> Exercise data
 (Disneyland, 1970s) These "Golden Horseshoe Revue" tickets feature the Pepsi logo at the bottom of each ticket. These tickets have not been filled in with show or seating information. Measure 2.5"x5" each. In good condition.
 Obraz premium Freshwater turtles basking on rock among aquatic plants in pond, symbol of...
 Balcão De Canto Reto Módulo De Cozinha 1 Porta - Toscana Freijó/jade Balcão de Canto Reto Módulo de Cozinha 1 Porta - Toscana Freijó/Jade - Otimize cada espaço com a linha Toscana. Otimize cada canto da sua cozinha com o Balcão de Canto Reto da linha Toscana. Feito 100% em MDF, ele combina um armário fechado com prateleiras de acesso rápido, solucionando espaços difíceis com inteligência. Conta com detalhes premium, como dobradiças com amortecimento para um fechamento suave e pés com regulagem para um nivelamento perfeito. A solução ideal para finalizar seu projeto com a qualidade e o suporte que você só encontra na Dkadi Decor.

...

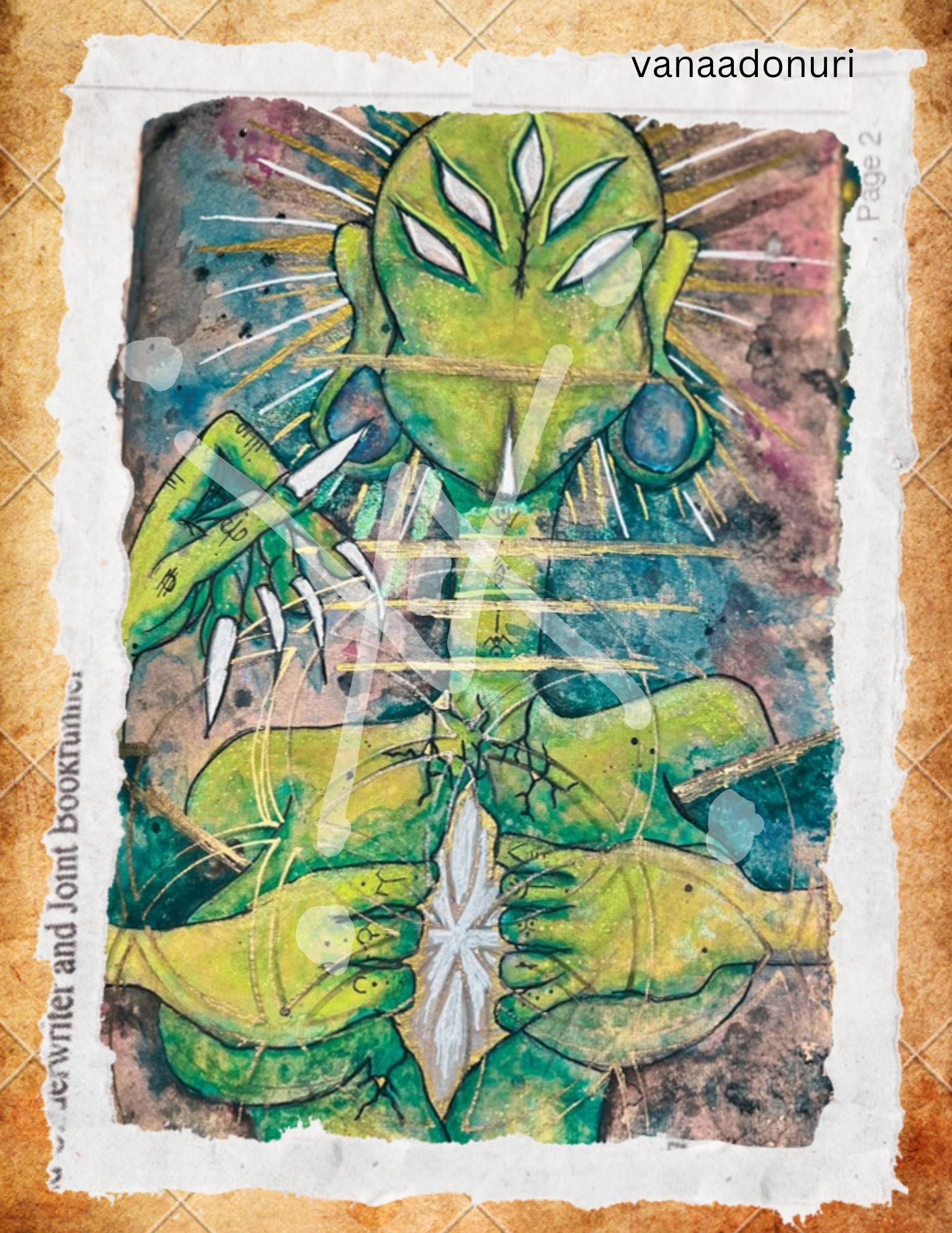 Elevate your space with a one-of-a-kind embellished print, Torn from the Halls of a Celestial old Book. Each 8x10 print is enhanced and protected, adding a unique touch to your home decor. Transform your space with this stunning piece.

--

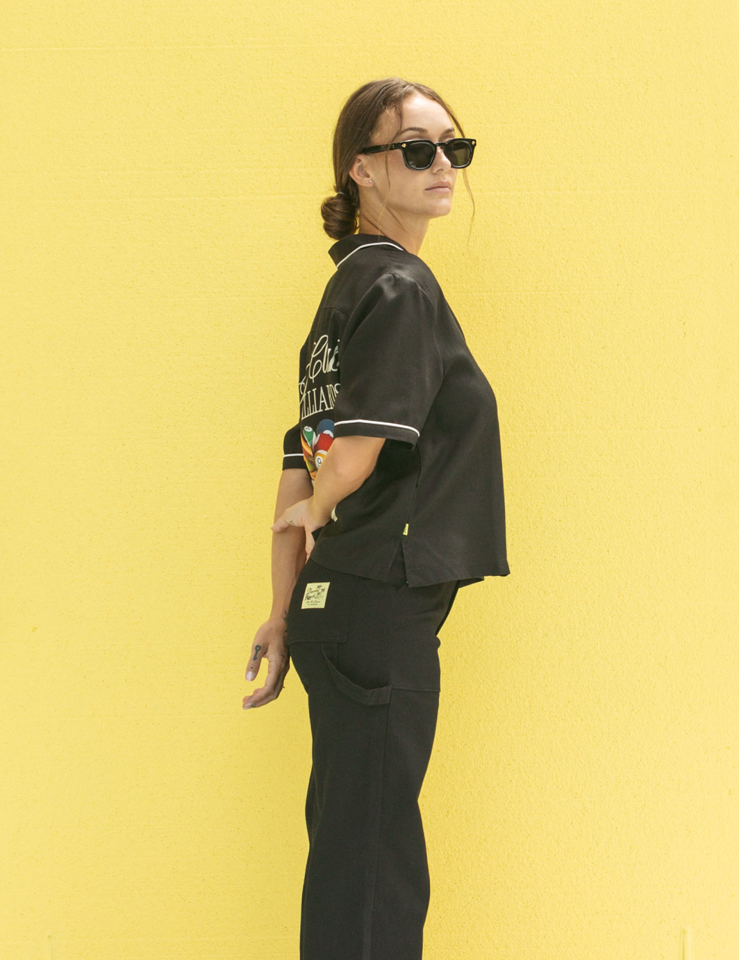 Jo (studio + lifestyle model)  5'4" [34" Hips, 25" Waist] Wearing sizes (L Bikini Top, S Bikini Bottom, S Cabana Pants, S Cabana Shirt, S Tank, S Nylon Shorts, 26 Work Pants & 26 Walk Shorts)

> Your goal
Start with the line above that contains "(Disneyland, 1970s) These" and stop after the line that contains "Obraz premium Freshwater". Output those lines exactly, and only those.

> Answer to this task
 (Disneyland, 1970s) These "Golden Horseshoe Revue" tickets feature the Pepsi logo at the bottom of each ticket. These tickets have not been filled in with show or seating information. Measure 2.5"x5" each. In good condition.
 Obraz premium Freshwater turtles basking on rock among aquatic plants in pond, symbol of...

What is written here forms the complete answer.